Nous sommes au tout début du XXe siècle, sans doute en 1904. J’aime cette année là. C’est celle où les frères Lumière mettent au point l’autochrome, la première plaque couleur transparente. La superposition de trois couches d’amidon : du rouge, du vert et du bleu inaugure un long parcours pour la photographie touristique, du Grand Tour devenu populaire, aux diapositives de mon enfance dont j’ai vécu la disparition dans ma pratique quotidienne depuis le moment, pas si lointain – il y a dix ans ? où je me suis muni de paquets de disquettes et d’un lourd appareil électronique qui trône devant moi aujourd’hui comme une antiquité. Je lui dois pourtant la grande majorité des images qui ont été utilisées pour agrémenter le site web de l’Institut des itinéraires culturels et en particulier celles de Florence.

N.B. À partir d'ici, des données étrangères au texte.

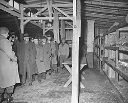 Als amerikanische Truppen in der Endphase des Zweiten Weltkrieges weiter auf das Gebiet des Deutschen Reiches vordrangen, wurden sie unvorbereitet, teilweise mitten in Kampfhandlungen, mit den Spuren der Gräuel in den Konzentrationslagern konfrontiert. Die Versorgung der größtenteils ausgemergelten und schwerkranken „Muselmänner“ sowie die Bestattung der auf den Todesmärschen durch Entkräftung oder Erschießung zu tausenden umgekommenen Häftlinge stellten die United States Army vor eine schwierige Aufgabe. Noch vor der Befreiung des KZ Buchenwald am 11. April 1945 hatten amerikanische Soldaten nach der Einnahme des Buchenwalder Nebenlagers Ohrdruf Fotografien erstellt, die die grauenhaften Umstände der Evakuierung dieses Lagers veranschaulichen.[3] Bereits am 12. April 1945 besichtigte der Oberbefehlshaber der alliierten Streitkräfte, Dwight D. Eisenhower, das Außenlager Ohrdruf des KZ Buchenwald und bat aufgrund der entsetzlichen Lagerzustände amerikanische und britische Politiker, Vertreter der Vereinten Nationen und die US-Presse zur Lagerbesichtigung.[4] Am 16. April 1945 mussten 1.000 Bürger aus Weimar auf Befehl des amerikanischen Kommandanten im KZ Buchenwald die noch vorhandenen Spuren des Massensterbens besichtigen; andernorts mussten Einwohner die Toten der Evakuierungsmärsche bestatten.[3]

Ce panorama, qui fait partie de l’exposition « La grande image » qui se tient encore pour une huitaine de jours à Montpellier, montre quelques taches. Nul doute que depuis sa « prise », elle a connu des vicissitudes pour être ainsi transmise, aussi fidèle, jusqu’à nous. Avec autant d’émotion que dans la transmission des films historiques projetés neuf années auparavant comme « La sortie de l’Usine Lumière à Lyon ».
Si les nouvelles plaques exposées ont beaucoup servi aux portraits, elles ont aussi été très vite emmenées par des voyageurs, qui étaient encore des explorateurs, même dans une Europe proche, comme un outil de connaissance et de transmission. La photographie fait l’ascension du Mont Blanc dès 1863 et accompagne les campagnes du Second Empire. L’année de la projection des films à Lyon, Degas se perd en conjectures entre ses ballerines peintes et celles qu’il photographie en contre-plongée.
Ceci dit, on peut se poser la question du choix de Florence puisque la concurrence y était déjà rude. En 1852, les frères Alinari ont ouvert un atelier photographique, un studio comme il en apparaissait dans les capitales européennes et américaines à l’époque. Puis l’entreprise Fratelli Alinari s’est étendue en Italie et a rencontré un tel succès, qu’en 1860 ils étaient déjà le plus grand atelier photographique commercial du pays. De là, ils sont partis explorer le monde ! Oserais-je dire qu’ils sont toujours les plus grands et que leur photothèque est un véritable cabinet de curiosités anciennes et modernes. Des expositions dans leur ville de naissance, comme au Pavillon des Arts à Paris ou à Francfort en Allemagne leur ont rendu hommage ces dernières années.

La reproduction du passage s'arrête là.